● PROBLEM DESCRIPTION:
Your task is to copy the lines of the data below from the line holding "Rochie casual roz" through the line holding "お昼前のいつもの散歩中、地元", inclusive, exactly and with nothing added.

START DATA EXTRACTS

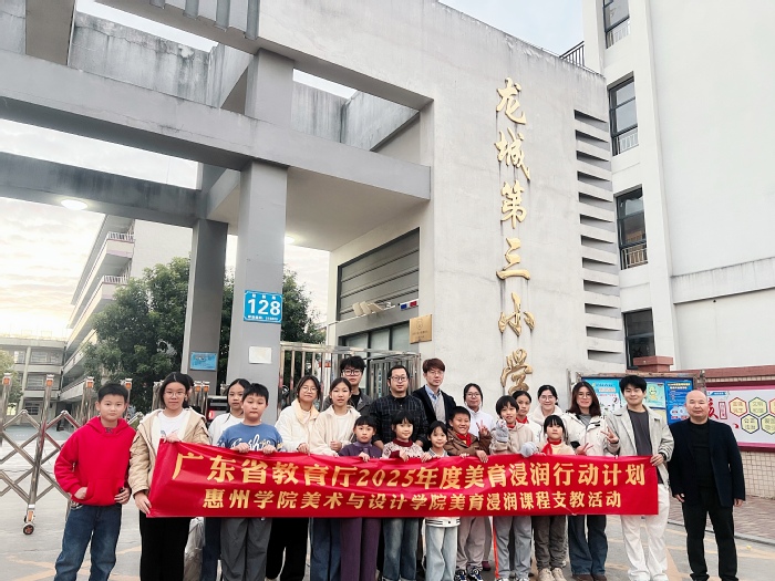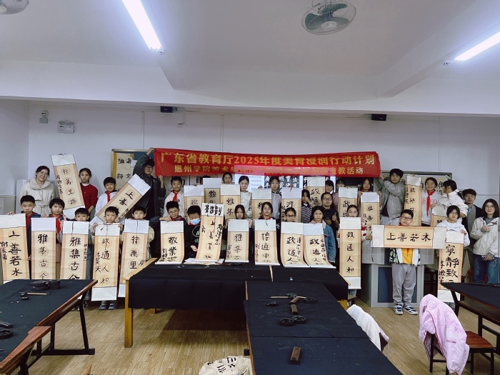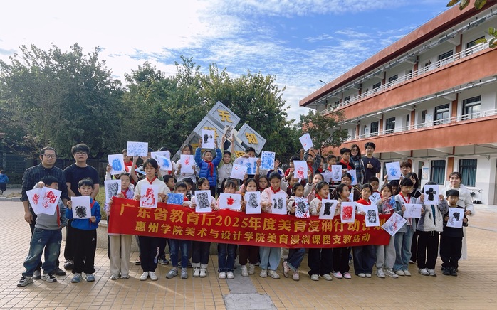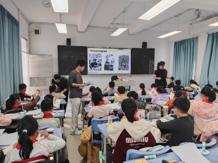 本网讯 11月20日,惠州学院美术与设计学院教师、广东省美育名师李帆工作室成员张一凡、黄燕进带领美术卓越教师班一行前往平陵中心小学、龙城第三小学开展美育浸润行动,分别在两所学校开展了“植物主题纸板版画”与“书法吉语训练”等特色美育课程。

END DATA EXTRACTS
START DATA EXTRACTS

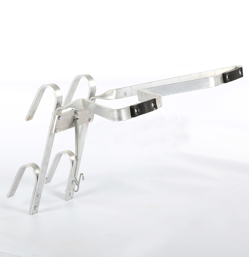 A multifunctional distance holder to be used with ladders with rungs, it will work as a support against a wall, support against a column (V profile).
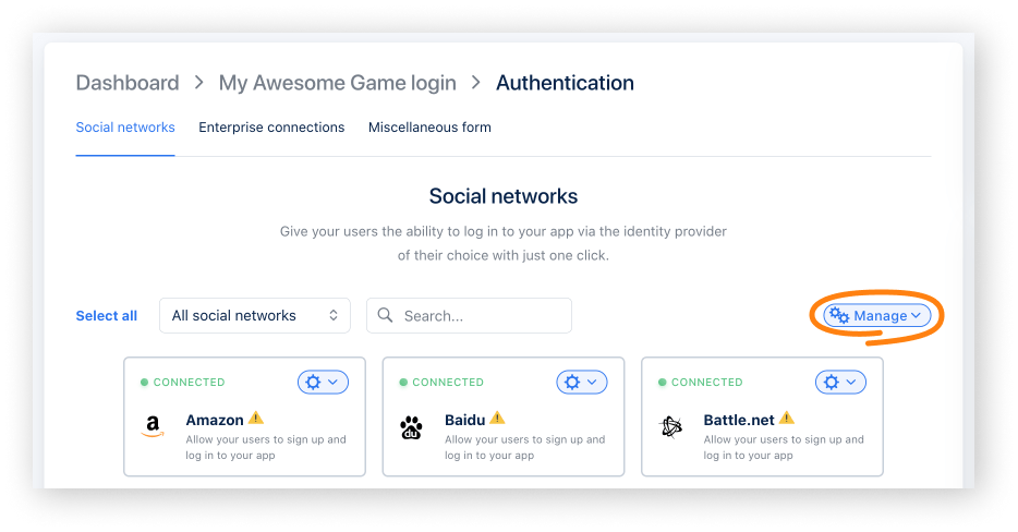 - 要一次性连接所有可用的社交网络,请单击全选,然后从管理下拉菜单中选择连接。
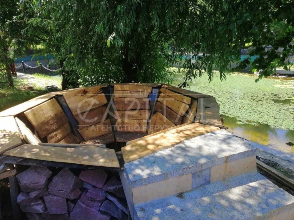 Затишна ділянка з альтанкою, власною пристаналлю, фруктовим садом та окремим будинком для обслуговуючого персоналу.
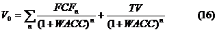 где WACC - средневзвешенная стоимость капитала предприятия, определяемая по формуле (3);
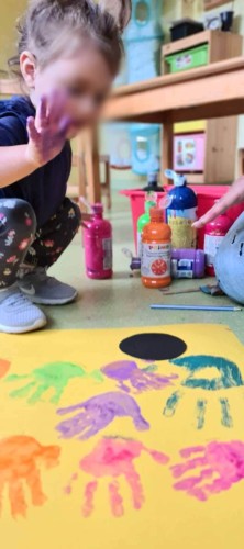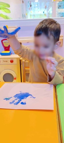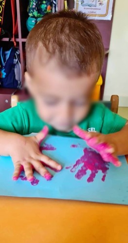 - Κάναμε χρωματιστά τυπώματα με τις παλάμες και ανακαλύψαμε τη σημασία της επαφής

END DATA EXTRACTS
START DATA EXTRACTS

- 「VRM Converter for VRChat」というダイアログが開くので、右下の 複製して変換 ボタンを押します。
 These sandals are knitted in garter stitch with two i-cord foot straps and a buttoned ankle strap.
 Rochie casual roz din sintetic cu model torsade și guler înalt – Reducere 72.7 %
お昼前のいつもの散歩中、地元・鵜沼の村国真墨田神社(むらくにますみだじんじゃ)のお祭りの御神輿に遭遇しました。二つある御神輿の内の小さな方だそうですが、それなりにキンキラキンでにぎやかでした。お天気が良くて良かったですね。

END DATA EXTRACTS

● RESPONSE AREA:
 Rochie casual roz din sintetic cu model torsade și guler înalt – Reducere 72.7 %
お昼前のいつもの散歩中、地元・鵜沼の村国真墨田神社(むらくにますみだじんじゃ)のお祭りの御神輿に遭遇しました。二つある御神輿の内の小さな方だそうですが、それなりにキンキラキンでにぎやかでした。お天気が良くて良かったですね。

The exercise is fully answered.